▸ Work task: Beginning at the line that contains "DTZY950\DTZY95", output each line exactly through the end of the records, and drop any pictures.

▸ Data shown:
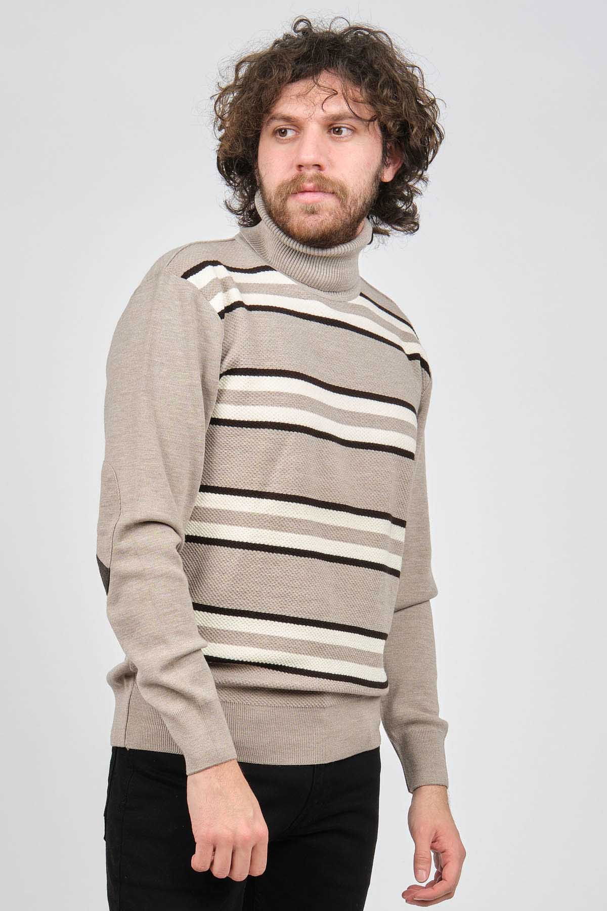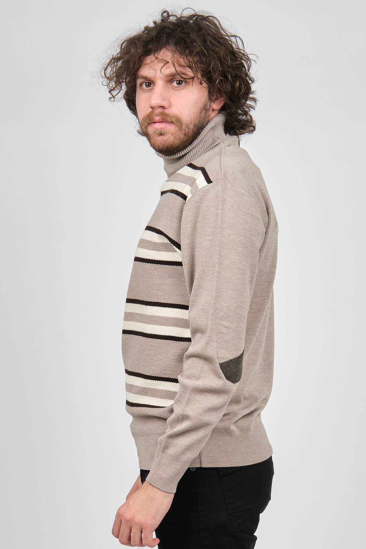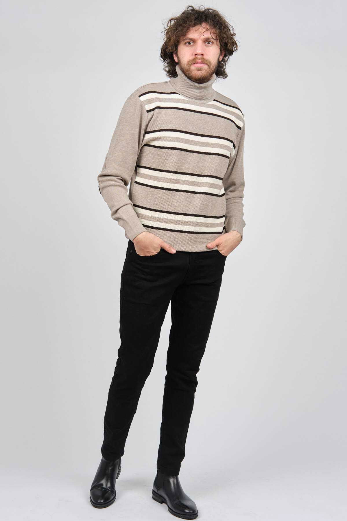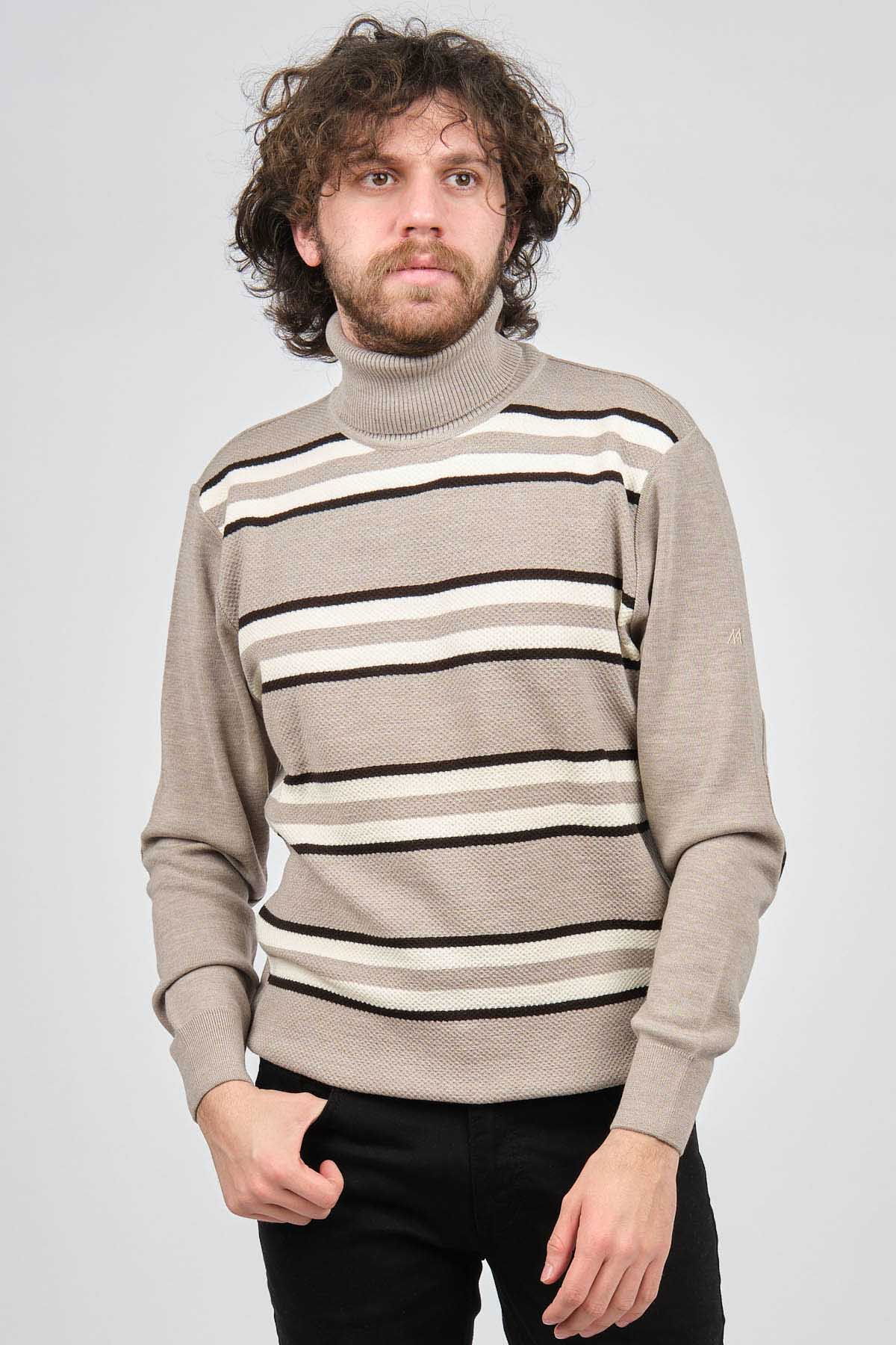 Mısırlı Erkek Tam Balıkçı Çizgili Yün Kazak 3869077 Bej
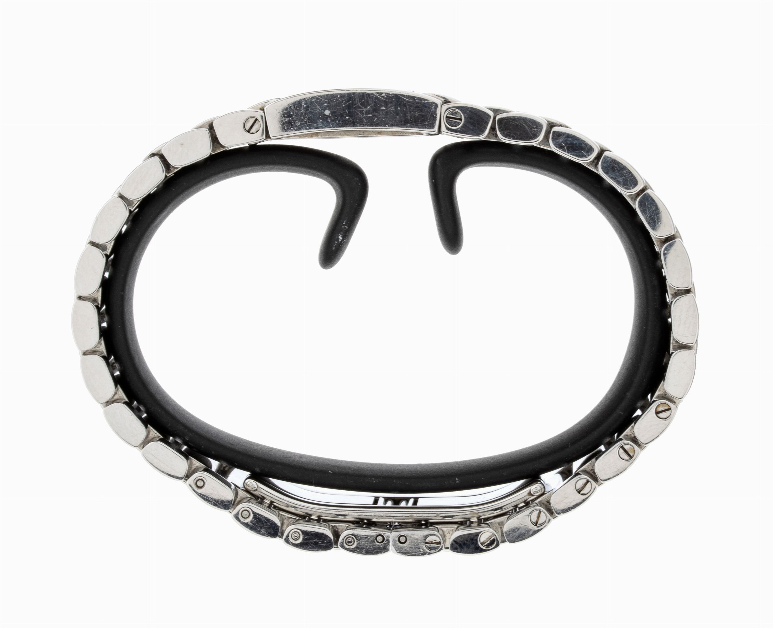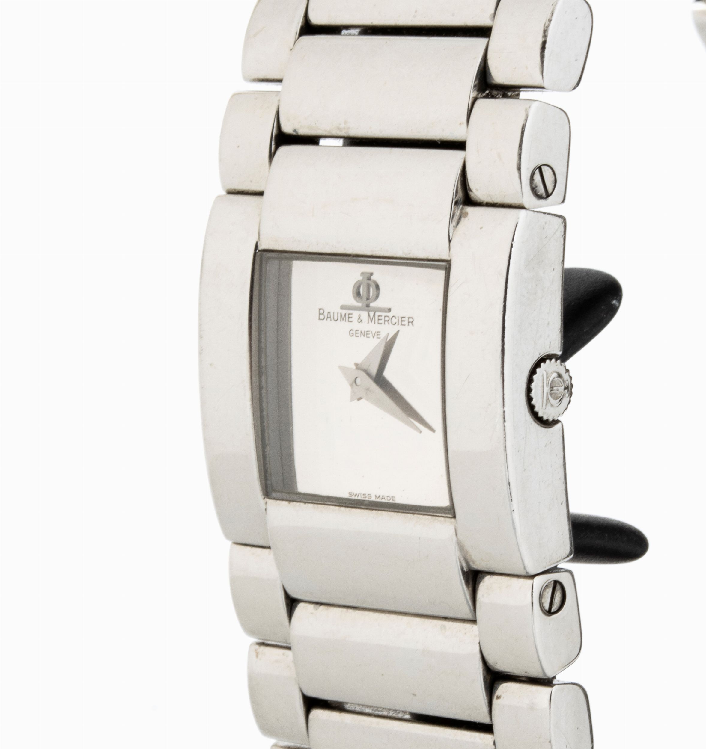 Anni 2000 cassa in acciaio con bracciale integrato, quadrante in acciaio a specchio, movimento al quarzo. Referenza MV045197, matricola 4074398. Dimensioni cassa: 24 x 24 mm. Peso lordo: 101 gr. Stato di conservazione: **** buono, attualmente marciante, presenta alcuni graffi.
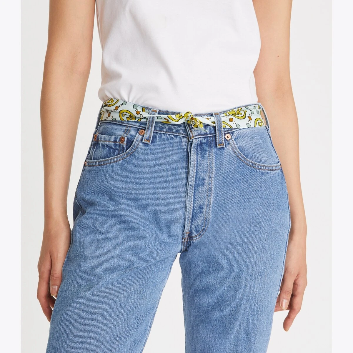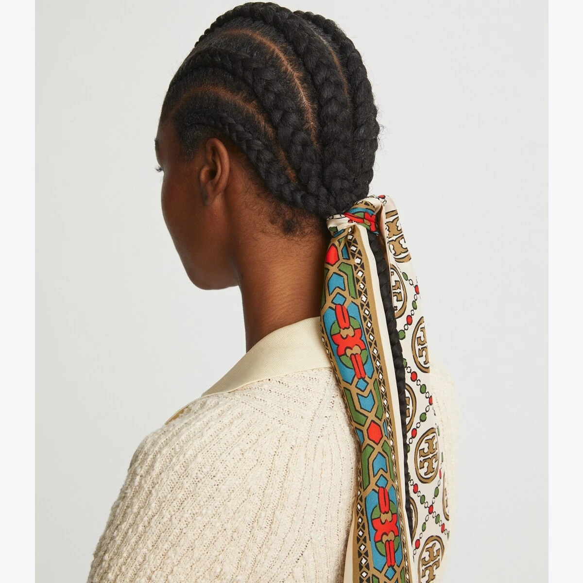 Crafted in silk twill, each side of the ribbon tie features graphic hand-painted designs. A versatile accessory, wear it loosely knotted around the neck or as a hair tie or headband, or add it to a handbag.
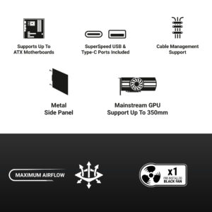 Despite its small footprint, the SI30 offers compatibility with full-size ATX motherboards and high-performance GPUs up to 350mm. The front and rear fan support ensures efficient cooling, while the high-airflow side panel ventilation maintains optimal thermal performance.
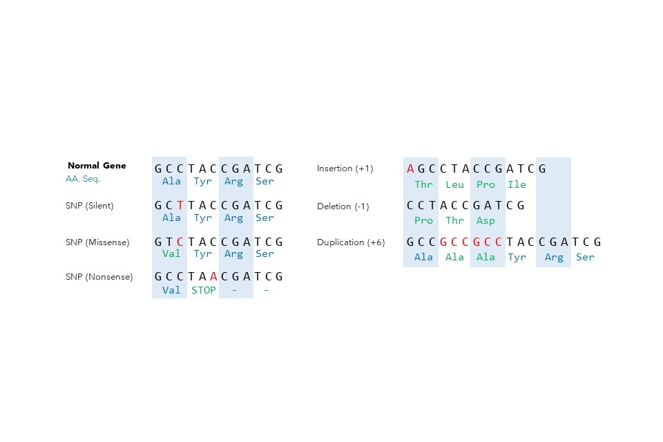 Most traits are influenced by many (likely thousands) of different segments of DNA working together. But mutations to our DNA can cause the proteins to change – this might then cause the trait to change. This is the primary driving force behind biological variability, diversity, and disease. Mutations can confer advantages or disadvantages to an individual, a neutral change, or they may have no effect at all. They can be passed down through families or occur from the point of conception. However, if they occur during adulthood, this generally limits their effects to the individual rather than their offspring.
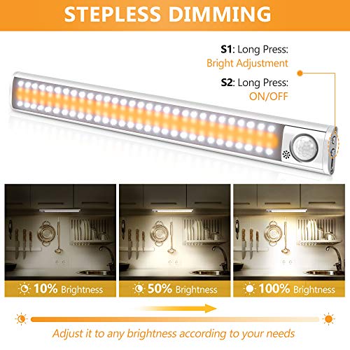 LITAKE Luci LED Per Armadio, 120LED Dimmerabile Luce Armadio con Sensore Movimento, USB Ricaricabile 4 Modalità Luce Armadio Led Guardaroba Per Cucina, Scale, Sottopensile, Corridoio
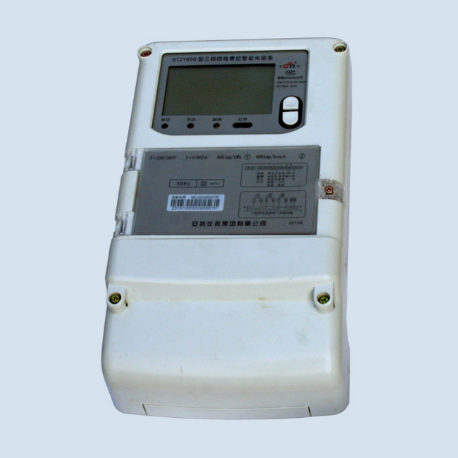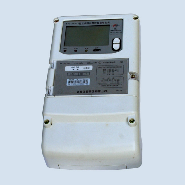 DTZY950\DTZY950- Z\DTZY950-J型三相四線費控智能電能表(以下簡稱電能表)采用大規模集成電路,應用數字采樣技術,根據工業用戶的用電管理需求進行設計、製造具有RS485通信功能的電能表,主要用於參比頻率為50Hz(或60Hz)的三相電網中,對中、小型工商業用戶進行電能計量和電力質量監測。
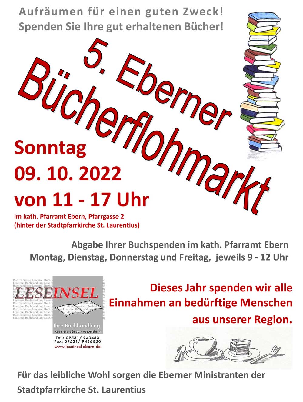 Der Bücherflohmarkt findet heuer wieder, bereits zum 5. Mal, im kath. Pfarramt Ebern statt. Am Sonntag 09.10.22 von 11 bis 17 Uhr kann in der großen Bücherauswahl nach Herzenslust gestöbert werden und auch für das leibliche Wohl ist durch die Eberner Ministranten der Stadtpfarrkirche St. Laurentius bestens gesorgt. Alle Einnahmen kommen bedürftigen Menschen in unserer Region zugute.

▸ Worked solution:
 DTZY950\DTZY950- Z\DTZY950-J型三相四線費控智能電能表(以下簡稱電能表)采用大規模集成電路,應用數字采樣技術,根據工業用戶的用電管理需求進行設計、製造具有RS485通信功能的電能表,主要用於參比頻率為50Hz(或60Hz)的三相電網中,對中、小型工商業用戶進行電能計量和電力質量監測。
 Der Bücherflohmarkt findet heuer wieder, bereits zum 5. Mal, im kath. Pfarramt Ebern statt. Am Sonntag 09.10.22 von 11 bis 17 Uhr kann in der großen Bücherauswahl nach Herzenslust gestöbert werden und auch für das leibliche Wohl ist durch die Eberner Ministranten der Stadtpfarrkirche St. Laurentius bestens gesorgt. Alle Einnahmen kommen bedürftigen Menschen in unserer Region zugute.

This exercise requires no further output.